И в этом смысле значение нашей интеллигенции вообще неизмеримо, будь то писатели, экономисты, социологи или врачи. Но кто из врачей, выполняя хотя бы личный, профессиональный долг, спит неспокойно, зная, что увеличивается рождаемость ненормальных детей? Кто из них в отчаянии стучался в кабинет министра здравоохранения? Назовите хотя бы одного писателя, который бы шагнул на огонь из-за этого?

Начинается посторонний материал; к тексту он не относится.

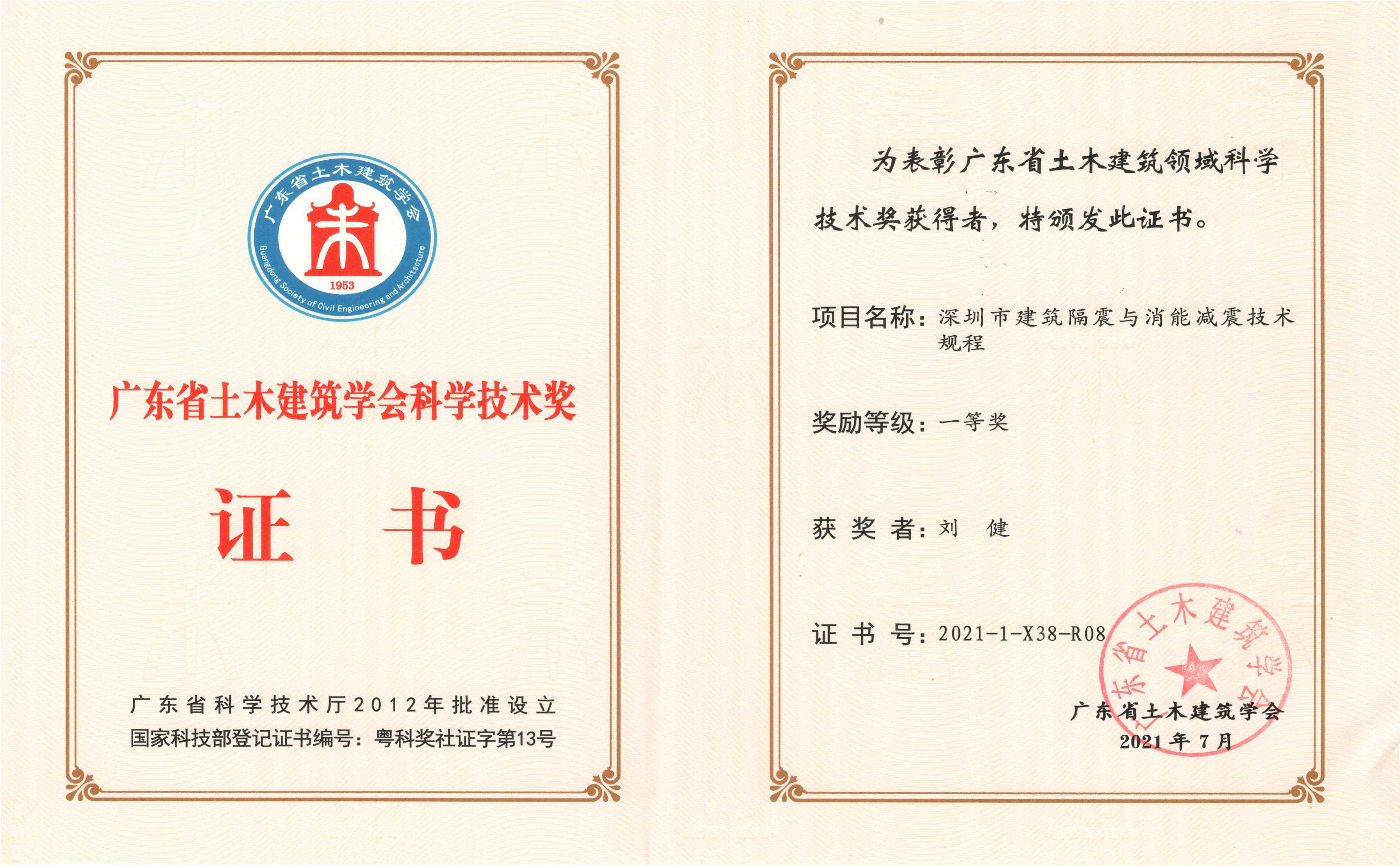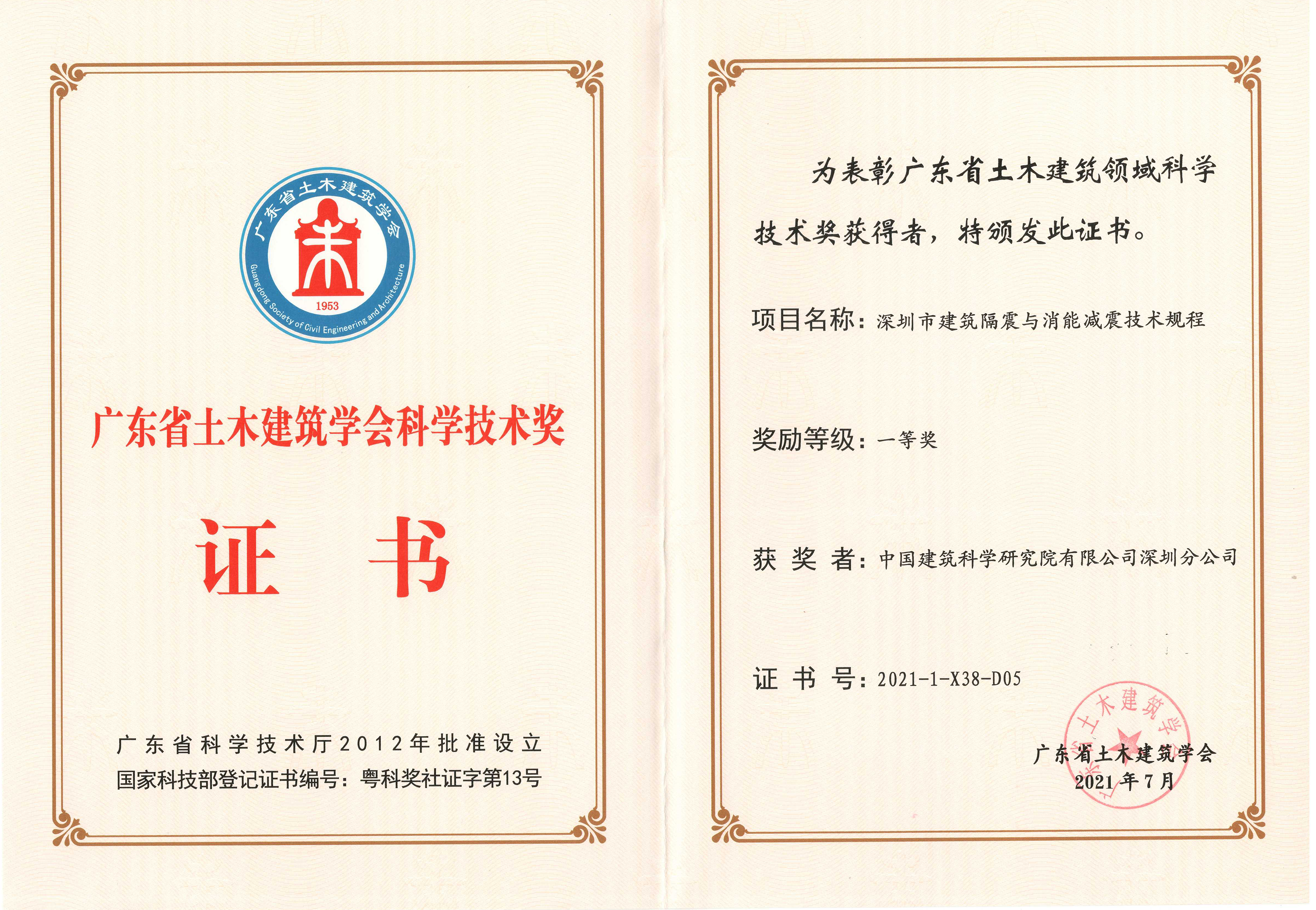 日前,广东省土木建筑学会公布了“2021年(第九届)广东省土木建筑学会科学技术奖获奖”获奖项目名单,经评审委员会评审及奖励委员会审定,中国建研院深圳分明博足球app下载参编的《深圳市建筑隔振与消能减震技术规程》项目荣获广东省土木建筑学会科学技术奖一等奖!总工程师刘健作为参编人员,全程参与了该技术规程的编制工作,对本规程的章节架构,编写内容、技术指标的确定均有一定的贡献。

Понятие «народ» никто пока не упразднял, чеховские слова о том, что писатель-то ведь тоже народ, звучат в этом случае демагогично. Нет, эта фраза Антона Павловича сказана совсем по другому поводу, и она не снимает с интеллигентов великого долга перед народом. И вся соль в степени гражданственности интеллигента, в пределе понимания этого долга, занижаемого нами на каждом шагу. Либеральное фамильярничание интеллигента с трагической стороной народной жизни, эдакое всепрощающее любование пьянством выглядят просто смешно. Смешно и отвратительно. Не менее отвратительно и язвительное хихиканье некоторых с позволения сказать интеллигентов, для которых любое общественное зло просто необходимо для их мещанского самоутверждения по обывательскому способу контраста.